--- AVAILABLE RECORDS Enclosed Below ---

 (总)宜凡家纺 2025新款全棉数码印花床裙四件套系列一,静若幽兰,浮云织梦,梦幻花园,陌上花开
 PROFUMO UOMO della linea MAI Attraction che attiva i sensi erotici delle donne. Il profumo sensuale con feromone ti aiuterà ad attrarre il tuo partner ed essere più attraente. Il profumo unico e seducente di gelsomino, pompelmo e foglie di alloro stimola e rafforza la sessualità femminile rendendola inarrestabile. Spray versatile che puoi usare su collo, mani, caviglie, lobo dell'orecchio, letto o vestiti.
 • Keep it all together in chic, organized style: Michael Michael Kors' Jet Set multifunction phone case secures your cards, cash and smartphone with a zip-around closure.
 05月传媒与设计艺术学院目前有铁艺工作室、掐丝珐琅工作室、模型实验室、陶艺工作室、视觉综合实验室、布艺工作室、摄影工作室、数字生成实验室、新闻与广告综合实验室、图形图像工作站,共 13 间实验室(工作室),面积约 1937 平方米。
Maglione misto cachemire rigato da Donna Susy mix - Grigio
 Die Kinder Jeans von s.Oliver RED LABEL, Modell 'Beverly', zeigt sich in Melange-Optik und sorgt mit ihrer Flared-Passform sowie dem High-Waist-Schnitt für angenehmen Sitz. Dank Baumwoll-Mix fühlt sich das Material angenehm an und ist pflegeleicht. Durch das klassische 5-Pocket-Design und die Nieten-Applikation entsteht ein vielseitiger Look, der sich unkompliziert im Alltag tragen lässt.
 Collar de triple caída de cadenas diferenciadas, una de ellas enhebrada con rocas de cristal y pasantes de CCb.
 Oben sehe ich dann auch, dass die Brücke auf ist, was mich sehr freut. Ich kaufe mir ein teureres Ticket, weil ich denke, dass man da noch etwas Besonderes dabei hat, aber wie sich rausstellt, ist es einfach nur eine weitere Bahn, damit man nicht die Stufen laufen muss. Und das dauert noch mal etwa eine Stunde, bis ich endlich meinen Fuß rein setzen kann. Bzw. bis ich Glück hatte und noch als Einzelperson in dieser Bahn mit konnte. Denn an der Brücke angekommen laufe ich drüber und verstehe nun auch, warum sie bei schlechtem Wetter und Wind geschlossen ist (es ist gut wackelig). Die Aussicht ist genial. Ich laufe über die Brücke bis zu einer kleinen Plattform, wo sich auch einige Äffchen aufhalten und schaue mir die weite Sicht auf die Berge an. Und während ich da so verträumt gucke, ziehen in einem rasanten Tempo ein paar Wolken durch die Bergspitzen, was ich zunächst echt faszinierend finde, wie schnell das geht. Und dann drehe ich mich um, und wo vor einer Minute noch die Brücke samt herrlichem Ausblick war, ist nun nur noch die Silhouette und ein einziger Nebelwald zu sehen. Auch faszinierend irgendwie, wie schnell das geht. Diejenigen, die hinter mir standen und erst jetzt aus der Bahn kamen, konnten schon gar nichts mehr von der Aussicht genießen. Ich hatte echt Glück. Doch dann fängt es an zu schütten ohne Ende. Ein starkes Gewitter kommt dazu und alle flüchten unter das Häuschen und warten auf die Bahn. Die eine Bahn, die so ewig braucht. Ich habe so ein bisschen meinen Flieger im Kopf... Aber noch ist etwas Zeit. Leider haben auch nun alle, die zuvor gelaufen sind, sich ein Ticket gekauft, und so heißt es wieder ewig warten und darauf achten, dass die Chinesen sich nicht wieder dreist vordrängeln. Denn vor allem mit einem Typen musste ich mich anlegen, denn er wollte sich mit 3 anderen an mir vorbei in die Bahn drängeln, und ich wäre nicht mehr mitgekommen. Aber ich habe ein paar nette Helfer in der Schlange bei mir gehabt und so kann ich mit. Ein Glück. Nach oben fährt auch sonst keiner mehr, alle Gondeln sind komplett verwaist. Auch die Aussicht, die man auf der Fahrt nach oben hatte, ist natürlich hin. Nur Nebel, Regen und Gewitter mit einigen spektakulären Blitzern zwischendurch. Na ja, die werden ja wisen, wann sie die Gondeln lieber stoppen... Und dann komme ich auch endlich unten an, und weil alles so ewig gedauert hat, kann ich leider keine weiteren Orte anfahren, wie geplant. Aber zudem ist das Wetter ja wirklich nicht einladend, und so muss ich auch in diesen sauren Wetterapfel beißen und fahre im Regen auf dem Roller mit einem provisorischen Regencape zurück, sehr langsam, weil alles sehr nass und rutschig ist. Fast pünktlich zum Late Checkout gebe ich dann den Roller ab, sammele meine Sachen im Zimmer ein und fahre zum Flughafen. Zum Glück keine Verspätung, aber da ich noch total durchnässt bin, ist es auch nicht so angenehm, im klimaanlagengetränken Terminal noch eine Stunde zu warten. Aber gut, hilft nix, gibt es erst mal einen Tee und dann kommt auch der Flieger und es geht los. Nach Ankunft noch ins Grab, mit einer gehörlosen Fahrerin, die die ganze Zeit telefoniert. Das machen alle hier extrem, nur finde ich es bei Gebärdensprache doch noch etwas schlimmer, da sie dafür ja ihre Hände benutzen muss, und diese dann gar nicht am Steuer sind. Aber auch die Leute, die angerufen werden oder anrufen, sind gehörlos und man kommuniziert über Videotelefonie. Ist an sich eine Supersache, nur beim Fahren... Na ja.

--- End of Enclosed AVAILABLE RECORDS ---

▶ YOUR OBJECTIVE
Every line above should be retyped exactly as given.

▶ TASK ANSWER
 (总)宜凡家纺 2025新款全棉数码印花床裙四件套系列一,静若幽兰,浮云织梦,梦幻花园,陌上花开
 PROFUMO UOMO della linea MAI Attraction che attiva i sensi erotici delle donne. Il profumo sensuale con feromone ti aiuterà ad attrarre il tuo partner ed essere più attraente. Il profumo unico e seducente di gelsomino, pompelmo e foglie di alloro stimola e rafforza la sessualità femminile rendendola inarrestabile. Spray versatile che puoi usare su collo, mani, caviglie, lobo dell'orecchio, letto o vestiti.
 • Keep it all together in chic, organized style: Michael Michael Kors' Jet Set multifunction phone case secures your cards, cash and smartphone with a zip-around closure.
 05月传媒与设计艺术学院目前有铁艺工作室、掐丝珐琅工作室、模型实验室、陶艺工作室、视觉综合实验室、布艺工作室、摄影工作室、数字生成实验室、新闻与广告综合实验室、图形图像工作站,共 13 间实验室(工作室),面积约 1937 平方米。
Maglione misto cachemire rigato da Donna Susy mix - Grigio
 Die Kinder Jeans von s.Oliver RED LABEL, Modell 'Beverly', zeigt sich in Melange-Optik und sorgt mit ihrer Flared-Passform sowie dem High-Waist-Schnitt für angenehmen Sitz. Dank Baumwoll-Mix fühlt sich das Material angenehm an und ist pflegeleicht. Durch das klassische 5-Pocket-Design und die Nieten-Applikation entsteht ein vielseitiger Look, der sich unkompliziert im Alltag tragen lässt.
 Collar de triple caída de cadenas diferenciadas, una de ellas enhebrada con rocas de cristal y pasantes de CCb.
 Oben sehe ich dann auch, dass die Brücke auf ist, was mich sehr freut. Ich kaufe mir ein teureres Ticket, weil ich denke, dass man da noch etwas Besonderes dabei hat, aber wie sich rausstellt, ist es einfach nur eine weitere Bahn, damit man nicht die Stufen laufen muss. Und das dauert noch mal etwa eine Stunde, bis ich endlich meinen Fuß rein setzen kann. Bzw. bis ich Glück hatte und noch als Einzelperson in dieser Bahn mit konnte. Denn an der Brücke angekommen laufe ich drüber und verstehe nun auch, warum sie bei schlechtem Wetter und Wind geschlossen ist (es ist gut wackelig). Die Aussicht ist genial. Ich laufe über die Brücke bis zu einer kleinen Plattform, wo sich auch einige Äffchen aufhalten und schaue mir die weite Sicht auf die Berge an. Und während ich da so verträumt gucke, ziehen in einem rasanten Tempo ein paar Wolken durch die Bergspitzen, was ich zunächst echt faszinierend finde, wie schnell das geht. Und dann drehe ich mich um, und wo vor einer Minute noch die Brücke samt herrlichem Ausblick war, ist nun nur noch die Silhouette und ein einziger Nebelwald zu sehen. Auch faszinierend irgendwie, wie schnell das geht. Diejenigen, die hinter mir standen und erst jetzt aus der Bahn kamen, konnten schon gar nichts mehr von der Aussicht genießen. Ich hatte echt Glück. Doch dann fängt es an zu schütten ohne Ende. Ein starkes Gewitter kommt dazu und alle flüchten unter das Häuschen und warten auf die Bahn. Die eine Bahn, die so ewig braucht. Ich habe so ein bisschen meinen Flieger im Kopf... Aber noch ist etwas Zeit. Leider haben auch nun alle, die zuvor gelaufen sind, sich ein Ticket gekauft, und so heißt es wieder ewig warten und darauf achten, dass die Chinesen sich nicht wieder dreist vordrängeln. Denn vor allem mit einem Typen musste ich mich anlegen, denn er wollte sich mit 3 anderen an mir vorbei in die Bahn drängeln, und ich wäre nicht mehr mitgekommen. Aber ich habe ein paar nette Helfer in der Schlange bei mir gehabt und so kann ich mit. Ein Glück. Nach oben fährt auch sonst keiner mehr, alle Gondeln sind komplett verwaist. Auch die Aussicht, die man auf der Fahrt nach oben hatte, ist natürlich hin. Nur Nebel, Regen und Gewitter mit einigen spektakulären Blitzern zwischendurch. Na ja, die werden ja wisen, wann sie die Gondeln lieber stoppen... Und dann komme ich auch endlich unten an, und weil alles so ewig gedauert hat, kann ich leider keine weiteren Orte anfahren, wie geplant. Aber zudem ist das Wetter ja wirklich nicht einladend, und so muss ich auch in diesen sauren Wetterapfel beißen und fahre im Regen auf dem Roller mit einem provisorischen Regencape zurück, sehr langsam, weil alles sehr nass und rutschig ist. Fast pünktlich zum Late Checkout gebe ich dann den Roller ab, sammele meine Sachen im Zimmer ein und fahre zum Flughafen. Zum Glück keine Verspätung, aber da ich noch total durchnässt bin, ist es auch nicht so angenehm, im klimaanlagengetränken Terminal noch eine Stunde zu warten. Aber gut, hilft nix, gibt es erst mal einen Tee und dann kommt auch der Flieger und es geht los. Nach Ankunft noch ins Grab, mit einer gehörlosen Fahrerin, die die ganze Zeit telefoniert. Das machen alle hier extrem, nur finde ich es bei Gebärdensprache doch noch etwas schlimmer, da sie dafür ja ihre Hände benutzen muss, und diese dann gar nicht am Steuer sind. Aber auch die Leute, die angerufen werden oder anrufen, sind gehörlos und man kommuniziert über Videotelefonie. Ist an sich eine Supersache, nur beim Fahren... Na ja.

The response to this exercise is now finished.